Municipal Solid Waste (MSW) generation has been increasing due to population growth, changing life style, technology development and increased consumption of goods. The increase of waste generation combined with the use of waste dumps may lead to environmental and social problems such as water contamination, land and atmospheric pollutions, resulting to breeding grounds for vermin, cause risk of fire, bad smell and potentially are the cause of illness. Energy recovery from municipal solid waste can alleviate these problems while providing a source of energy. The objective of this study is to evaluate the combustion properties and energy potential from municipal solid waste of Arusha, Tanzania. Incineration is among the methods for MSW treatments, and therefore, the data and information provided shows that energy can be recovered from Arusha MSW during incineration process. Energy flow (exothermic and endothermic) and thermal degradation analysis were carried out using Differential Scanning Calorimetry (DSC) and thermo – gravimetric analysis (TGA) respectively. The sample of composition of municipal solid waste examined included paper, cardboard, wood, textile, rubber, polyethylene Teraphthalate (PETE), low density polyethylene (LDPE) and food waste.
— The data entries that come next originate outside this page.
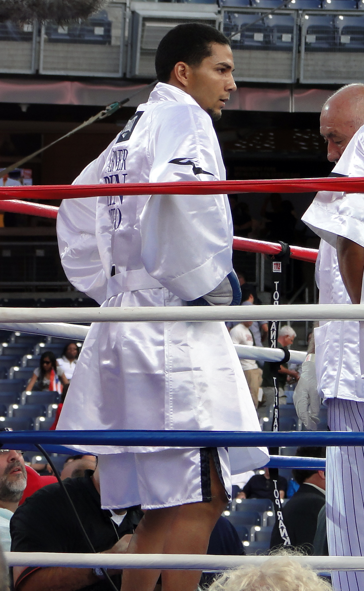 Abner Cotto before the fight against Edgar Portillo at the Yankee Stadium on June 5, 2010.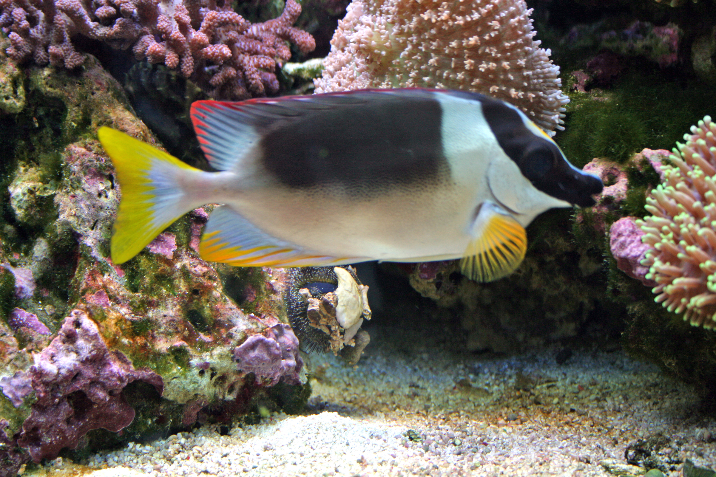 Fish Siganus magnificus Siganus magnificus in Prague sea aquarium, Czech Republic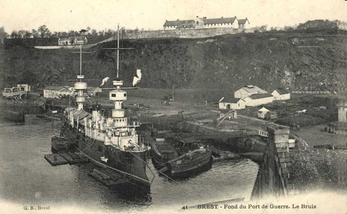 A postcard of the French armored cruiser Bruix in drydock at Brest, before 1914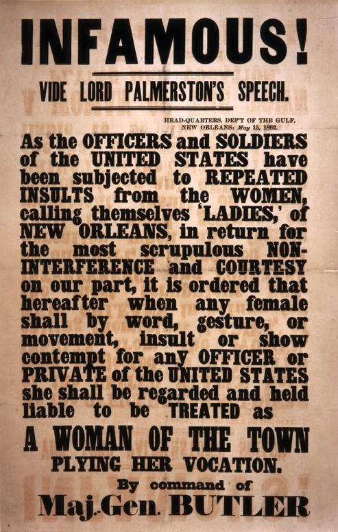 General Order No. 28, by command of Maj.-Gen. Benjamin Butler, May 15, 1862, The Historic New Orleans Collection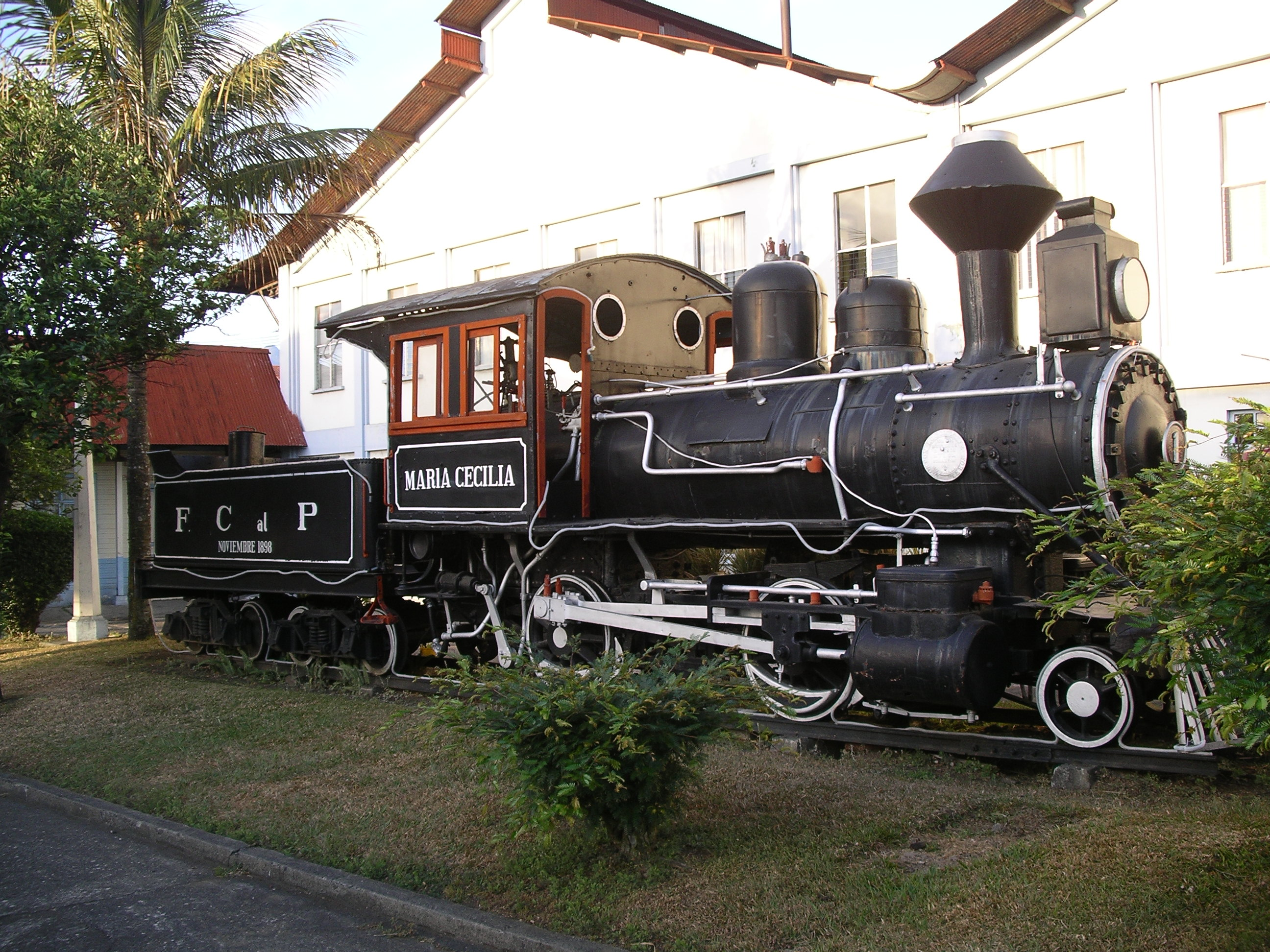 Steam locomotive F C al P no 1 Maria Cecilia, on display in San Jose, Costa Rica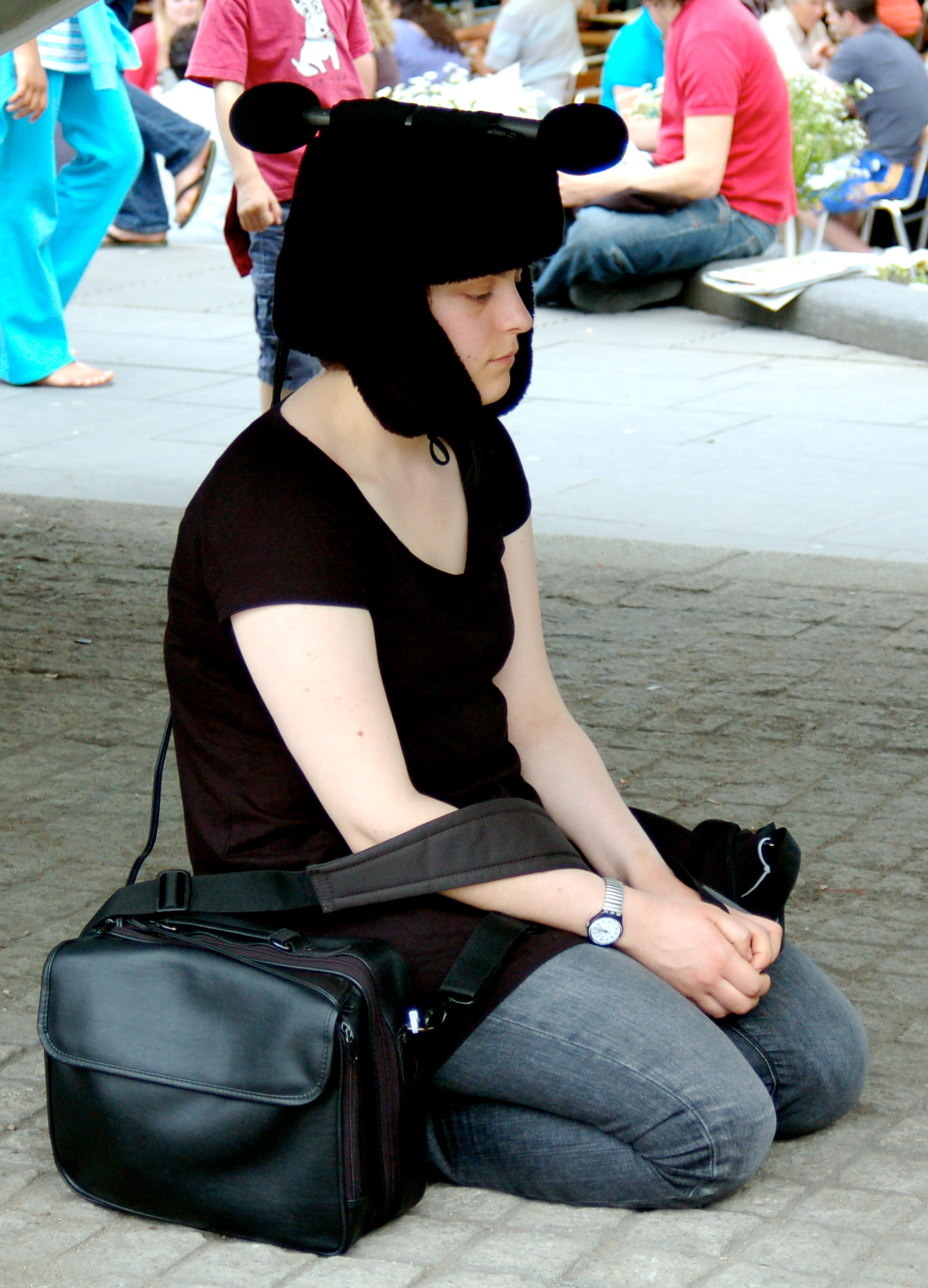 She was sitting underneath a set of stairs meditating, with microphones strapped to her head. Don't ask me, I don't know either.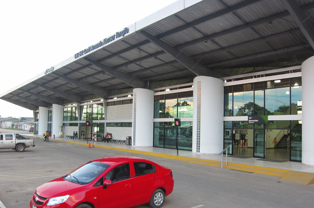 An external view of Pucallpa Airport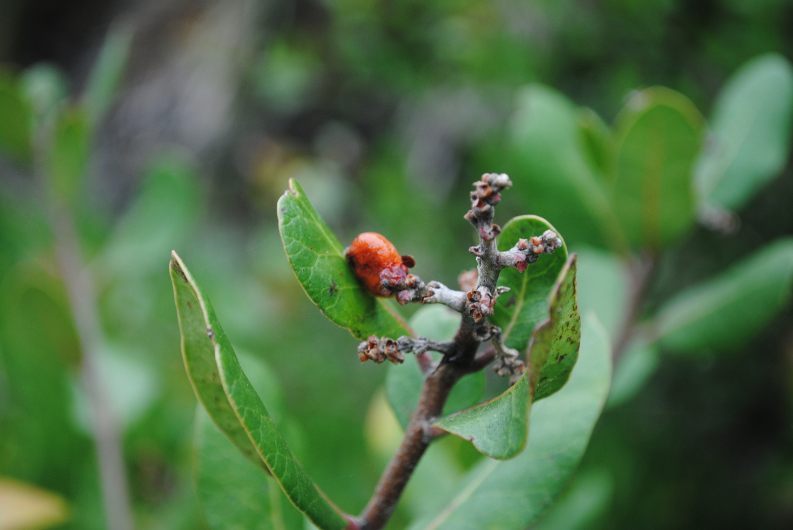 Rhus integrifolia — Lemonadeberry. A closeup on a single lemonadeberry fruit on a plant in Ruffin Canyon, San Diego.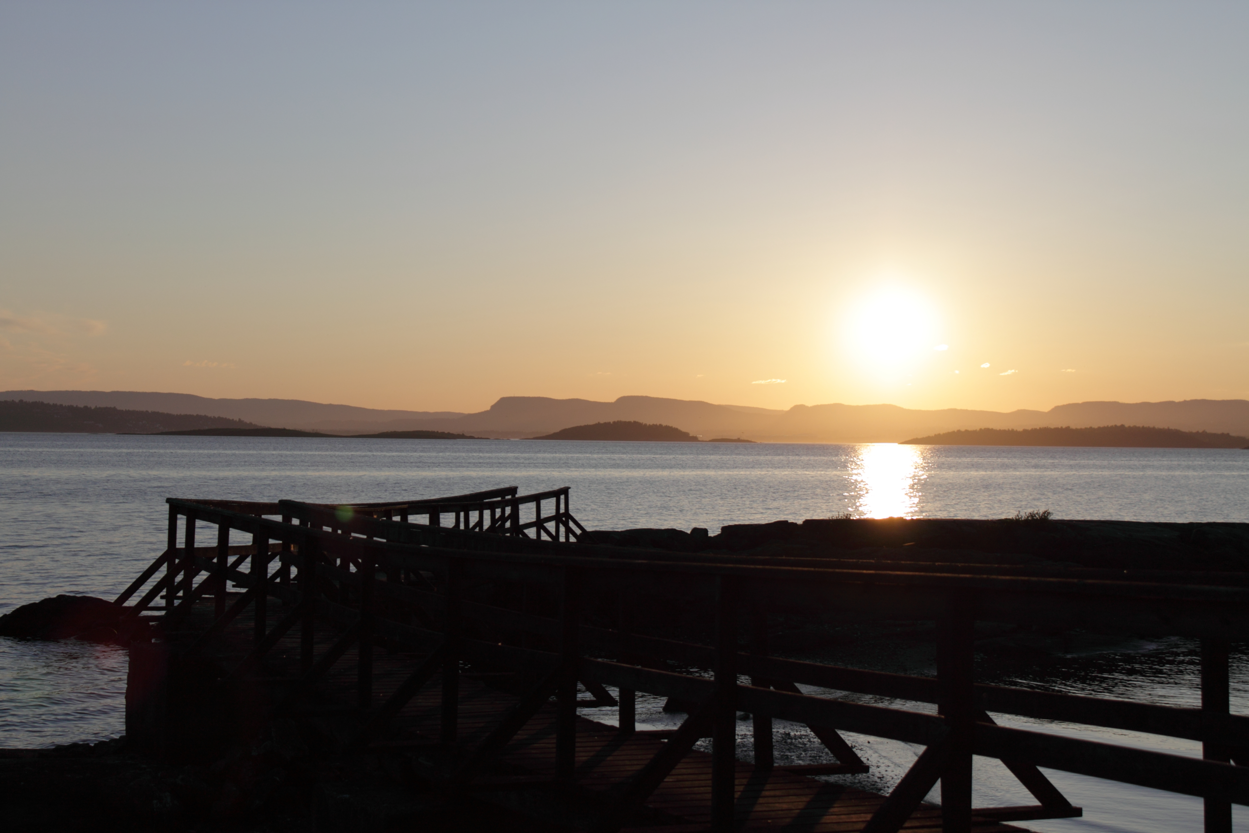 Kolsås from 16.5 km away to the south east.

These materials were heated in a combined DSC and TGA analyser and experiments were performed at heating rate of 10○C/min, in a pure nitrogen atmosphere at temperatures between room temperature and 1100 ○C. The results observed from TGA and DTG show that the highest reactivity was the samples from Central Market, followed by those from Sakina and Ngarenaro market. It was observed that municipal solid waste is less reactive to combustion compared to dry biomass, thus its reactivity can be improved by removing non- combustible materials such as metals and food scraps or by pre-treating the MSW so as to reduce the amount of oxygen present in it. The final analysis of the municipal solid waste showed that, the average percentage of nitrogen, sulfur, chlorine and phosphorus in the waste were 2.36%, 0.37%, 0.04% and 0.11% respectively, which is low and therefore, emissions released by this MSW during combustion are also low. The energy content of the solid waste tested was about 12MJ/kg on dry basis. The elemental composition shows that municipal solid waste contains 50% and 5% of carbon and hydrogen respectively.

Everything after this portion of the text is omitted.